Plus le temps passe et plus tout ce qui est tricolore pue le juif, est synonyme du juif et de ses intérêts tribaux.

Contrairement aux allogènes indisciplinés et brutaux qui sont chaque jour plus ambitieux, invasifs, vocaux dans leur haine colonisatrice, le juif, toujours archi-minoritaire, a mimé les codes sociaux et culturels des autochtones pour mieux infiltrer les sphères dirigeantes de la nation dont il aspire au gouvernement. D’où les difficultés qu’éprouve la plèbe a l’identifier et plus encore à comprendre ses manipulations.
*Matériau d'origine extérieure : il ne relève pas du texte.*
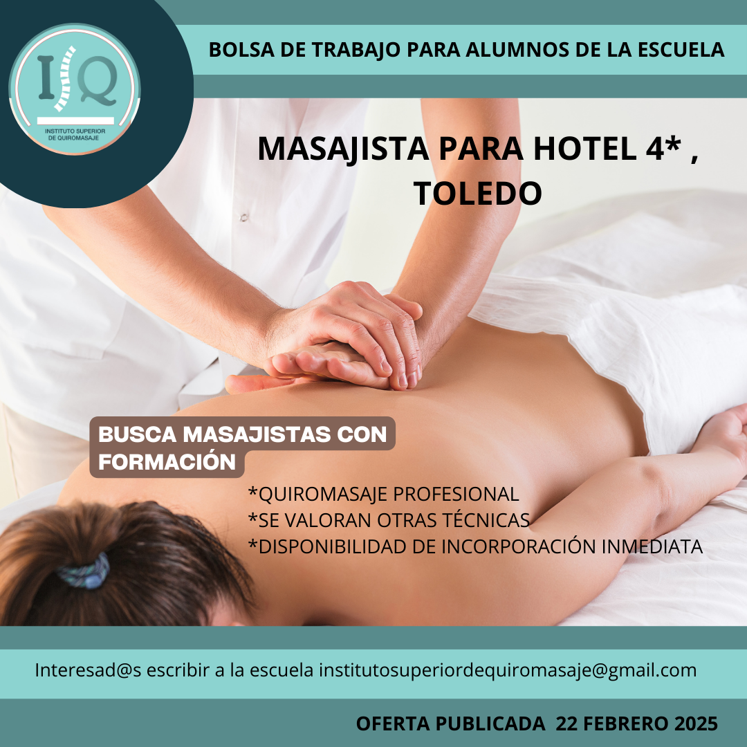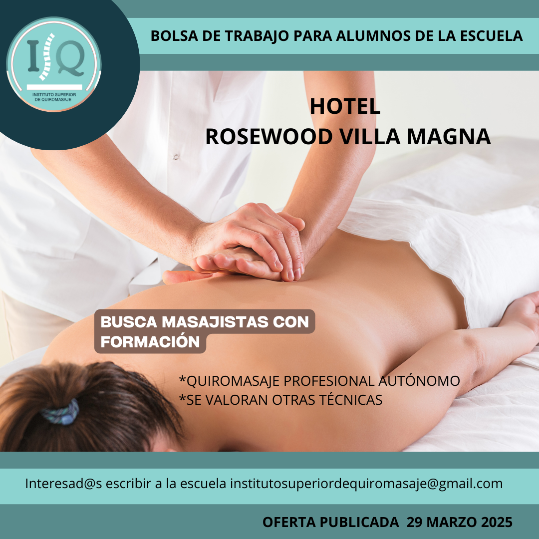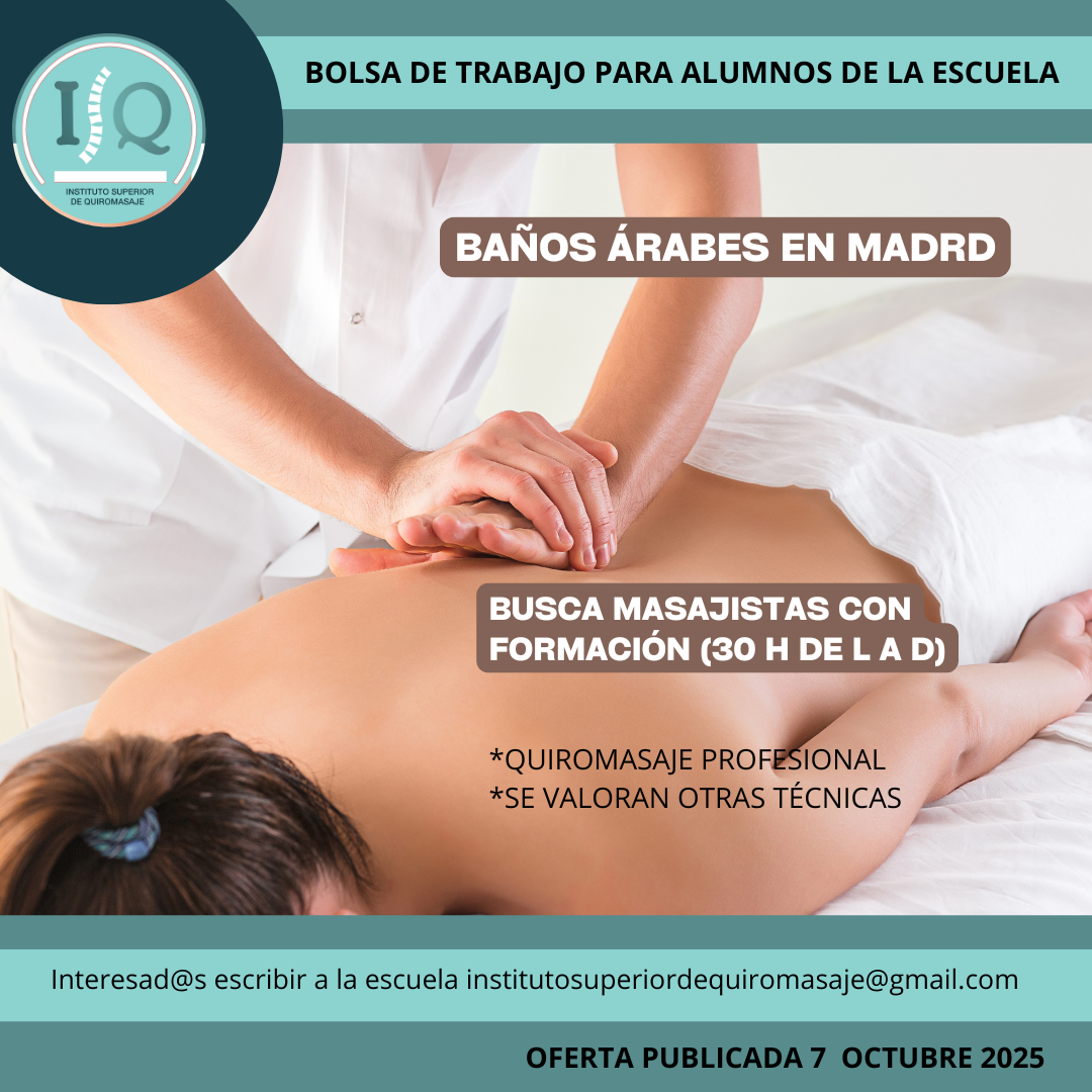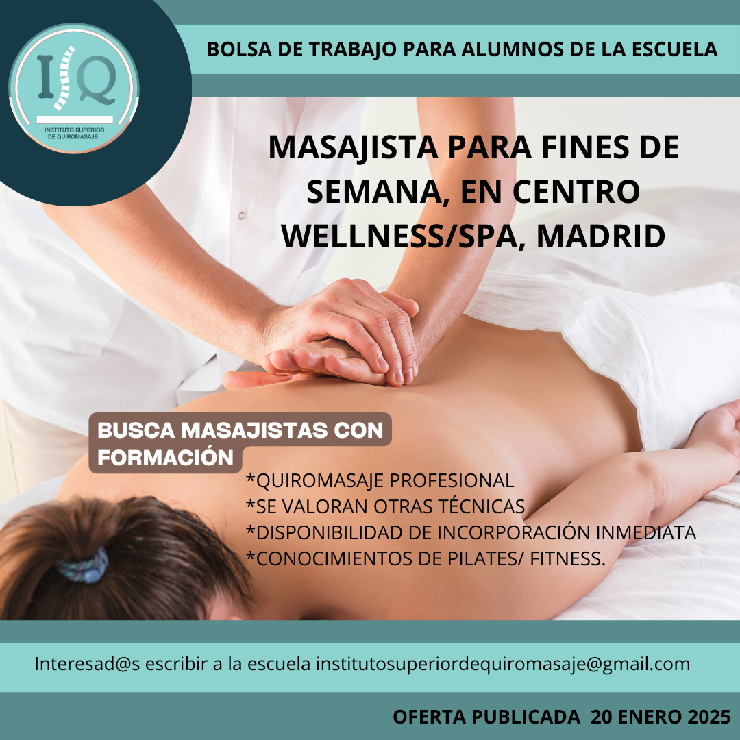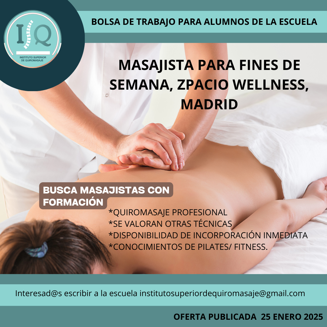Porque en el Instituto Superior de Quiromasaje no nos quedamos solo en darte una formación profesional y de calidad, queremos que nuestros alumnos impartan lo aprendido a través de nuestra bolsa de empleo. Así, si has estudiado con nosotros, ¡estás de enhorabuena!, es muy posible que tu futuro empleo este entre nuestras ofertas. Echa un vistazo y no olvides comentar en la entrevista que vas de nuestra parte.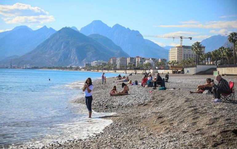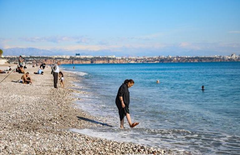 Hava sıcaklığının 22 dereceyi gördüğü kentte yaşayanlar, güneşli havayı görünce Konyaaltı Sahili’ne geldi. Sahile gelenlerin bazıları, sıcaklığı 21 derece olan denize girdi.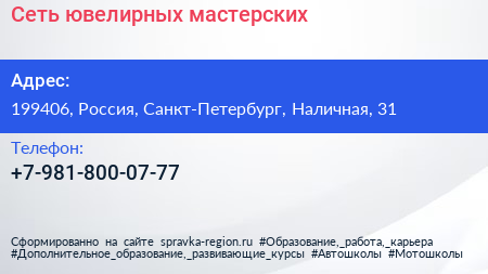 Сеть ювелирных мастерских по адресу 199406, Россия, Санкт-Петербург, Наличная, 31 в дальнейшем Организация, размещена в следующих категориях:

C’est ainsi que l’esprit juif a subverti l’esprit français jusqu’à le remplacer intégralement, au point où, en 2021, la langue française est devenu un second yiddish.

Réduire le centre juif, pulvériser sa démocratie mensongère, égorger la République, voilà le programme. Et l’hyper racisme des afro-musulmans va nous y aider. Bloc racial contre bloc racial avec le juif entre les deux. C’est l’heure de la revanche.